Caleb Harper: No. Traditional agriculture is closed and opaque. It’s understood by very few people at a production scale. How do I find nutritional-uptake studies on lettuce? Where can I get data on crop yields in Ghana? We want people to research this stuff, share it online, and grow healthier food and more of it around the world. There’s a huge appetite for this.
PS: So who is hoarding all the useful information?
CH: Right now, there are 20,000-foot indoor farms popping up all over the world. But no one shares anything because they think their IP is so valuable. One place called PlantLab in the Netherlands has a warehouse full of little pods where they create microclimates, which in turn create a novel flavor, a novel shape, and specific nutrients in the plants.
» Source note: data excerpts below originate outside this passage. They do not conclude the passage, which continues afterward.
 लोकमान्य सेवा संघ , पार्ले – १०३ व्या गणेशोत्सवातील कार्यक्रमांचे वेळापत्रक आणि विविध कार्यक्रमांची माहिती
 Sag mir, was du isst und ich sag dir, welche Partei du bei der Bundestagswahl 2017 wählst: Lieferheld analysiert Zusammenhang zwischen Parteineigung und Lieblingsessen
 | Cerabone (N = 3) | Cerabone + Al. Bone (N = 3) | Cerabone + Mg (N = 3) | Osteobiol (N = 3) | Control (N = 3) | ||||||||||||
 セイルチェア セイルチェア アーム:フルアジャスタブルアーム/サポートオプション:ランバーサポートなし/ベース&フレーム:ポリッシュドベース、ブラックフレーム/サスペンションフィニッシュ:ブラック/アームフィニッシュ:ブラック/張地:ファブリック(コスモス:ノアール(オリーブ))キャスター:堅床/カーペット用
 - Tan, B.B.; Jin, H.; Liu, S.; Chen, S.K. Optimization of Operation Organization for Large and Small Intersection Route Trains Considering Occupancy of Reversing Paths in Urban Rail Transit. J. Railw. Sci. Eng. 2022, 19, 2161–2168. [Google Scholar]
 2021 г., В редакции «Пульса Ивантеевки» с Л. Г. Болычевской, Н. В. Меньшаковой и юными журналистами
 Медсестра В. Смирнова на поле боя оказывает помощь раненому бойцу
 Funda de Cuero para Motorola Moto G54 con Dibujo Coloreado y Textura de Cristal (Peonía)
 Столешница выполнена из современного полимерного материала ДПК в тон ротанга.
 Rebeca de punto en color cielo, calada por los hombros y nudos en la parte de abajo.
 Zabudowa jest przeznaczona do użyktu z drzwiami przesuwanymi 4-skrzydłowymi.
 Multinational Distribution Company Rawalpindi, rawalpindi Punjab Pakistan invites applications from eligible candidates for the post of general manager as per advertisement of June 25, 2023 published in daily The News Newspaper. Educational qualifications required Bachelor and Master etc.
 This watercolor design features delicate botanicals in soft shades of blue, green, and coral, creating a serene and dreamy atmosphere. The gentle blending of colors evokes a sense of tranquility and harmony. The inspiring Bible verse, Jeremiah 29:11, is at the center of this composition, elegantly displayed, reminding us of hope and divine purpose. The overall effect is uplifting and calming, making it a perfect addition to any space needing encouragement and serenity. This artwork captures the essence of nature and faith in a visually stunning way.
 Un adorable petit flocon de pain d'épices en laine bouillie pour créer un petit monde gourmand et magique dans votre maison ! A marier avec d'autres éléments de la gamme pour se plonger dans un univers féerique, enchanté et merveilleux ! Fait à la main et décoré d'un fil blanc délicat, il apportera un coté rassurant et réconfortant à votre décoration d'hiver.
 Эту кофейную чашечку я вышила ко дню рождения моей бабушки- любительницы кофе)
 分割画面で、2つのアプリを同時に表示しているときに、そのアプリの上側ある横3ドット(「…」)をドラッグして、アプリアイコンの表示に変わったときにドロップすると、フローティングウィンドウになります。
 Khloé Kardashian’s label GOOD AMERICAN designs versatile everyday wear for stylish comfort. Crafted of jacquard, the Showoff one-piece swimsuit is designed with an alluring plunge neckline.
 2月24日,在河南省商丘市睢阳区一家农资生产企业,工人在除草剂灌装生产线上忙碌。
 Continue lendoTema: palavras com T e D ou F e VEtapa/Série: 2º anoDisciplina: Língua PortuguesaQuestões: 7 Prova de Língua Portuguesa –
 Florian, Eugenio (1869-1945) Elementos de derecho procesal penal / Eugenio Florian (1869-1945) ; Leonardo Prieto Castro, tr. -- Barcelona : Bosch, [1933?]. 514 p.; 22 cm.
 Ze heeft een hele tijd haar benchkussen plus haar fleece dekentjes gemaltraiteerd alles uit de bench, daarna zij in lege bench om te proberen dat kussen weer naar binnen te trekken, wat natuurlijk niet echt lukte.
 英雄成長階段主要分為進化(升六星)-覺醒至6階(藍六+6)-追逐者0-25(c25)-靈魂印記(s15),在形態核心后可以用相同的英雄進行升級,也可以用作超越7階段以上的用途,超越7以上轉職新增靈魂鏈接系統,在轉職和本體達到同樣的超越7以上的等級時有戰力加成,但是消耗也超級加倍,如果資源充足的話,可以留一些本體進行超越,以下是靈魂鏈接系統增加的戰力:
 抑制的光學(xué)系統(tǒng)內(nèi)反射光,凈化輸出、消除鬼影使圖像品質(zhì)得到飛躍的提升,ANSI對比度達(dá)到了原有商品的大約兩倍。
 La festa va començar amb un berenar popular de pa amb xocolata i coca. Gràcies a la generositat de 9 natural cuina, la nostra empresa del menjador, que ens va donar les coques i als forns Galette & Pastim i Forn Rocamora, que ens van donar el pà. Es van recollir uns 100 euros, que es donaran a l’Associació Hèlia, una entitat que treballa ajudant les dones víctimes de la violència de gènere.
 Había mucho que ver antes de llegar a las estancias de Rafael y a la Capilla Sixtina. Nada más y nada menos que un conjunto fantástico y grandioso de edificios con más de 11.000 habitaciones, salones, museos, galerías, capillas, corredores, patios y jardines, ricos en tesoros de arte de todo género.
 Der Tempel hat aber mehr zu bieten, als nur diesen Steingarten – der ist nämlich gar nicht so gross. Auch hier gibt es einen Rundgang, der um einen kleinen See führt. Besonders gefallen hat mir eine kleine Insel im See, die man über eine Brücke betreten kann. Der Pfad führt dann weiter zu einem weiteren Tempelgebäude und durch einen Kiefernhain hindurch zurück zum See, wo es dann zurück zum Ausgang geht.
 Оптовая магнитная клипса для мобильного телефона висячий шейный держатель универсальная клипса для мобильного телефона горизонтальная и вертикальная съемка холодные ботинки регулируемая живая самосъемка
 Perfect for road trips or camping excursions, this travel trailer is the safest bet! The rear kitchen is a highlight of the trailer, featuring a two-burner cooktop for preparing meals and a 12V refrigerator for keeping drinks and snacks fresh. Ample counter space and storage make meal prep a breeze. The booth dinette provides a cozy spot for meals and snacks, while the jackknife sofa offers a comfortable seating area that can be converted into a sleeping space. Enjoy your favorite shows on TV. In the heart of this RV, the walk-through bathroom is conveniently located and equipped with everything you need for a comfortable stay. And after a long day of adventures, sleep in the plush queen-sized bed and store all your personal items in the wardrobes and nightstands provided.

And then they patent their processes. To be fair to them, they’re doing awesome work. This stuff can take a lifetime to figure out. But they are creating all this knowledge and then scooping it under a black box. We want to create plant-growing recipes that look like Wikipedia.
PS: How do you propose to do that?
CH: One thing we’re developing is a shipping-container farm modified with networked sensors and growing environments. It can be used by other research institutions and by corporate cafeterias. So we’ll all be connected to each other’s data. Another cool thing is the Personal Food Computer. We released it for testing in September. It’s a 2-by-2-foot cube with microsensors, an LED light bar, and an irrigation system. We can change the temperature, the CO2 level, the amount of nutrients in the water, the water temperature, mineral fertilizer—all this stuff.
PS: It sounds like the state of 3-D printing 10 years ago, when the open-source RepRap helped create a huge community of printer hackers.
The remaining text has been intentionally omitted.